Stephen pounded the arm of the chair
with his fist. “I don’t want anyone in here fiddling around with my personal
things. I only eat your mother’s meals.”

           
Nick got up and walked to the
window. The sun shone hard and bright onto the road and glinted off the
windshields of the cars parked at the curb. A truck backed up to a grocery
store across the road. He could hear the beep of the alarm even inside these
solid brick walls. He’d spent little of his childhood here, but he remembered
it enough that the place depressed him. He’d never been allowed to bring
friends here, or make a mess with his toys. Not that he’d had many toys. His parents
had given him books, which he always read voraciously. All the solitude and all
the books were likely why he’d found himself writing by the time he was a
teenager. He knew if he’d had more inner peace with his home situation he might
have become a writer instead of careening around the world in search of
adventure.

           
Maria rose to put the kettle on.
Nick settled back in the armchair opposite his father to partake in the tea
ceremony. He left about half an hour later, feeling he hadn’t accomplished anything.
But at least he’d planted the idea.


           
Seth’s apartment was in a converted
warehouse area. Serena parked her car and hurried into the brick building. The
stairs and the wooden hallway between the loft apartments felt like a fire
trap. But she knew that inside the vast spaces were either
artists’
studios or luxury living quarters and the fire regulations had been taken care
of.

           
She’d only been to her brother’s
apartment once since he’d moved in about a year ago. She knew all her reasons
why. As well as Seth being extremely like her father, she didn’t really like
the area, and she was also somewhat in awe of her brother, even if he was
younger. He was a bit like Nick Fraser. A cool, handsome man, who didn’t have
to make a move to set women’s hearts fluttering madly in their
breasts
. My lean, mean brother, she’d called him once, when
he was sixteen and she felt he might have broken a girl’s heart.
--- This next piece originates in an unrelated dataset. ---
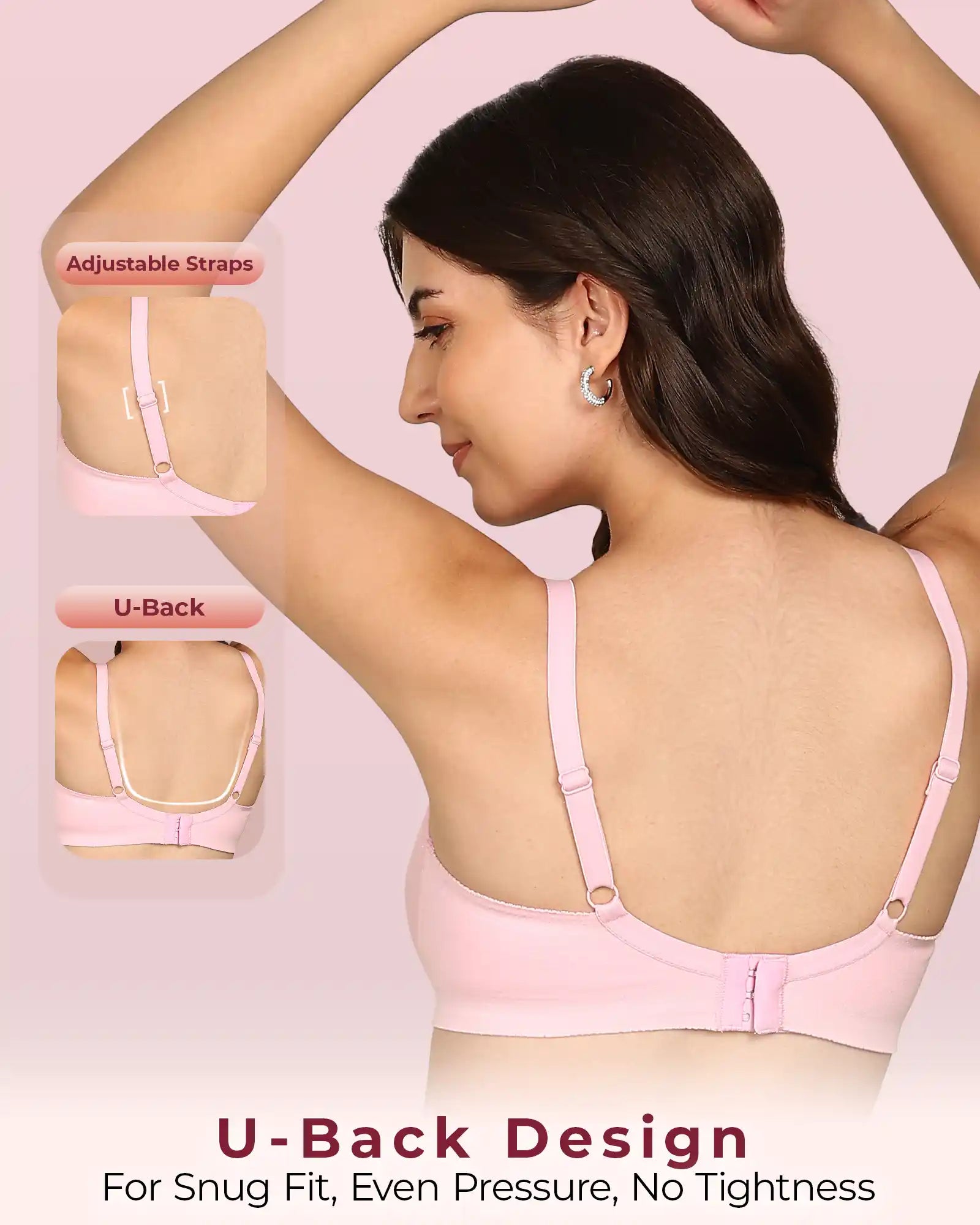 Broad Shoulder Straps: Wide straps distribute weight more evenly on the shoulders, reducing digging and discomfort – ideal for plus-size support and long wear.

All he’d done
was smile, shrug, and say, “Whatever.”

           
Seth answered the door, his six-foot
frame covered in black jeans and a black T-shirt with his band’s name,
Lite
on the front in silver letters. His wavy brown hair
was long and he’d grown sideburns. He looked so much like her father that
Serena didn’t say a word for a moment as he raised an eyebrow over his
silver-gray eyes.

           
“Well, Sis.” He spoke in his rather
sarcastic eloquent tones that were similar to Nick Fraser’s. “I got your
message, so I’m not surprised you’re here.”

           
“Can I come in?”

           
“Sure.” He opened the door and she
walked in.

           
He’d done quite a bit to his living
quarters since her last visit. The wood floors were polished. The furniture was
sparse but expensive, each piece chosen individually and not because it matched
anything else. One good thing her father had done for his family, he’d left them
well enough off not to have to worry about finances.

She put her
purse down on a red and white striped sofa.

           
Seth watched her. “Do you want a
beer, wine, something?”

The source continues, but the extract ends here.